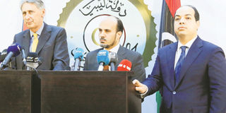 British Foreign Secretary Philip Hammond (L) attends a press conference with Ahmed Maiteeq (R), Libyan deputy prime minister of the Government of National Accord (GNA), and Mohammad al-Ammari (C), a member of the GNA, in Tripoli on April 18, 2016. PHOTO | AFP
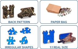 Dyk ned i den magiske verden af Santorini med dette unikke træpuslespil. Hver brik er præcist laserskåret, hvilket sikrer glatte kanter uden splinter. Puslespillet er dobbeltsidet, hvilket giver to måder at samle det på - efter billede eller form. Dette puslespil er lavet af HDF træfiberplade og pakket økologisk uden plastik.
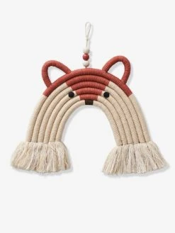 Déco murale Renard Arc-en-ciel en coton, perles en bois.
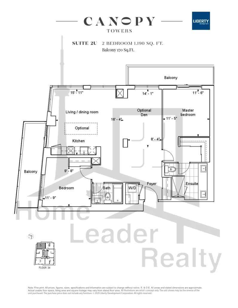 Suite 2U 2 Bed , 2 Bath 1190 SQFT South West

▸ **Your assignment**: The span to retype runs from the line containing "Dyk ned i den" through the last line of the listing above, both ends included; copy it exactly, without pictures.

▸ **Solved problem**:
 Dyk ned i den magiske verden af Santorini med dette unikke træpuslespil. Hver brik er præcist laserskåret, hvilket sikrer glatte kanter uden splinter. Puslespillet er dobbeltsidet, hvilket giver to måder at samle det på - efter billede eller form. Dette puslespil er lavet af HDF træfiberplade og pakket økologisk uden plastik.
 Déco murale Renard Arc-en-ciel en coton, perles en bois.
 Suite 2U 2 Bed , 2 Bath 1190 SQFT South West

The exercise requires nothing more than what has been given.